The main issue is that upstream wants to be able to do fast development,
and focus on the development rather than on their users. Taking care of
a long term release is time consuming. Taking care of multiple old
release is very annoying (backporting fixes may not be always obvious).

So yeah, probably upstream will reply with "Debian is stupid". Let them
say it if they want to: that doesn't make them right. It only shows they
are completely ignorant of what their users want, and the need of
downstream distributions.

The more there's going to be users going at them asking them about a 2
year old release, the more they will realize that Debian isn't stupid,
and that this is the way the final users want to consume their work. So
it's good for us, and beneficial to the project. It's doing our users a
favor, and it doesn't hurt us.

>> Quite a lot of users just want to use stuff and so long as it works
>> for their purposes they really don't know or care if it is 2 years
>> old.
> 
> And if it doesnt they want to be able to google for their issues or
> ask the upstream community. You cannot ask the kubernetes community a
> question about a kubernetes version that is two years old.
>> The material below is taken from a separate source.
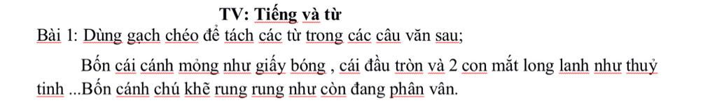 Bốn / cánh / mỏng / như / giấy bóng, / cái/ đầu / tròn / và / 2 / con mắt / long lanh / như / thủy tinh / .. Bốn / cánh / chú / khẽ / rung rung / như / đang/ còn/ phân vân

Of course you can! If they choose to not answer, or say bad things about
Debian, that doesn't make them smarter and us stupid. It just shows how
careless upstream is.

>> I quite often find myself in this situation. Quite a lot of
>> software is not something you want to care about - you just want to
>> use it.
> 
> Quite a lot, yes. But there is software that doesn't work that way.

Could you please explain why any software would be different? It's just
upstream that has a super ego and think they are different. Nothing
more, nothing less.

>> So long as most users will find it works for them, then I think it's
>> still really useful for us to package stuff,
> 
> That is not going to happen with kubernetes, docker, node.js et al at
> this current time.

Like many other software stack, hopefully they will learn by this
mistake and the release management will change.